I had almost forgotten Mr. Bean. Rowan Atkinson’s beloved British bafoon was a great counter discussion topic for me and other high school hipsters when others were talking about Friends. How can Chandler stack against Bean, I ask you? Hell, even Friends ended up riffing on Bean when Joey got his head stuck in a turkey. Sorry Friends, but Bean got there first and best. Bean’s new adventure seems to have gotten a critical trounce in the States, which I don’t get. Could it be that Bean is too sophisticated for Americans? Yikes.
To be fair, Mr Bean’s Holiday is not breaking any new ground, we get the same old Bean in the same old series of misunderstandings and mistaken identities as he falls ass backwards from one comically unintentional set-up to the other. After winning a church raffle, Bean departs for a holiday in Cannes, France. On the train trip though his desire to get the perfect shot of him boarding the train results in a Russian film director missing the same train with his son already aboard. Bean takes it upon himself to return the boy to his father despite his, as Mr Burns would say, incompetent bafoonery, including making a powerful enemy in Willem Dafoe, I mean Carson Clay.

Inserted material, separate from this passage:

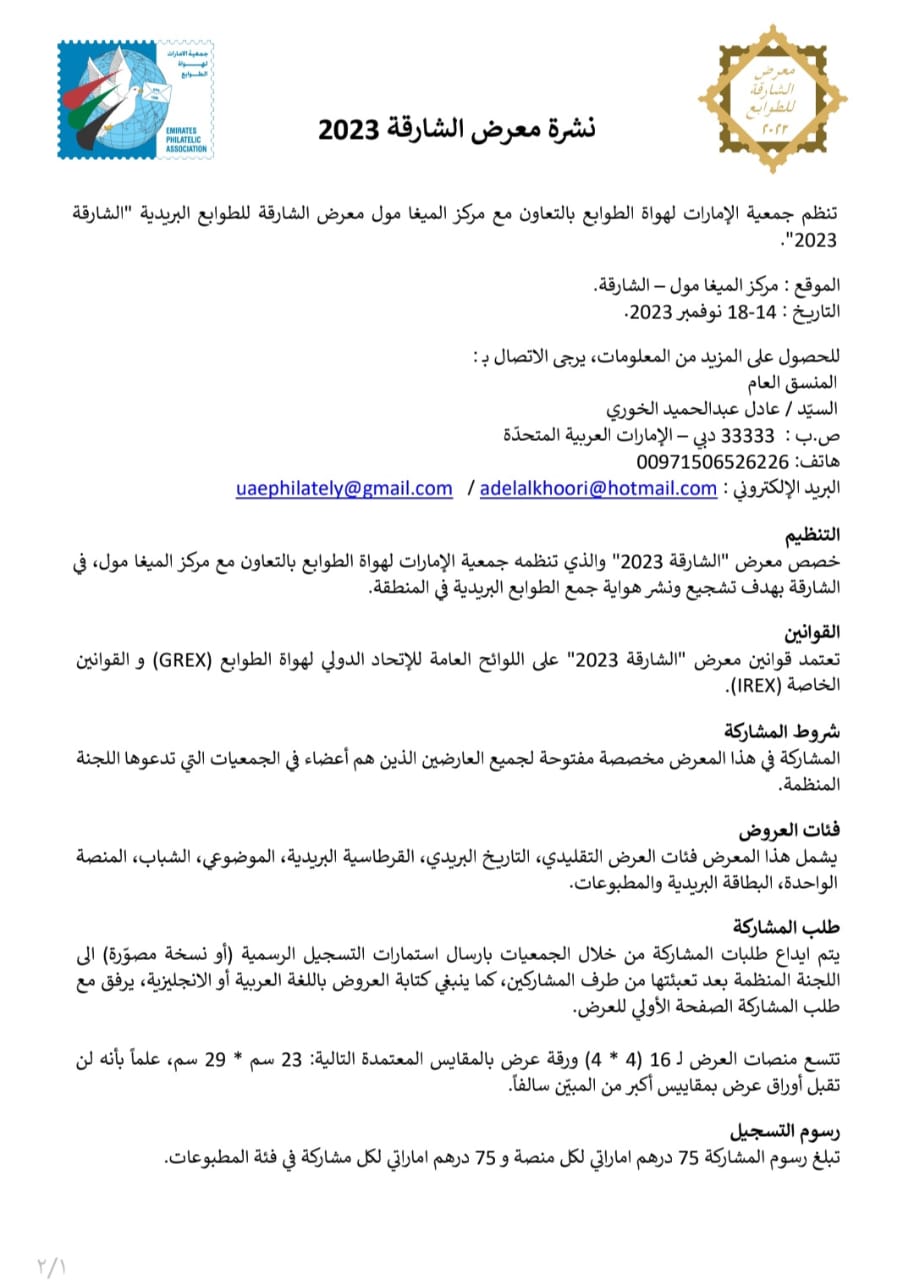 تنظم جمعية الإمارات لهواة الطوابع بالتعاون مع مركز ميغا مول الشارقة، خلال الفترة من 14 إلى 18 نوفمبر 2023م، معرض الشارقة للطوابع البريدية "الشارقة 2023" بهدف تشجيع ونشر هواية جمع الطوابع البريدية.

Of course, like any movie based on a series of shorts or sketches, Mr Bean’s Holiday feels like a series of vignettes sewn together by a common narrative. The episode structure is nice as we follow Bean from adventure to adventure, but it’s just not overly ambitious is it? Atkinson still hits it out of the park though. And while I know that others will say that Bean is not Atkinson’s best creation (Black Adder is the correct answer by the way), he’s still a stunning example of silent comedy. Put him in soundless, black & white film with a piano soundtrack and the point still gets across.
So Bean’s not original, so what? I had a good time and I laughed a lot. Bean still works and if you’re a Bean fan from ages past then I’m sure you’ll enjoy it too.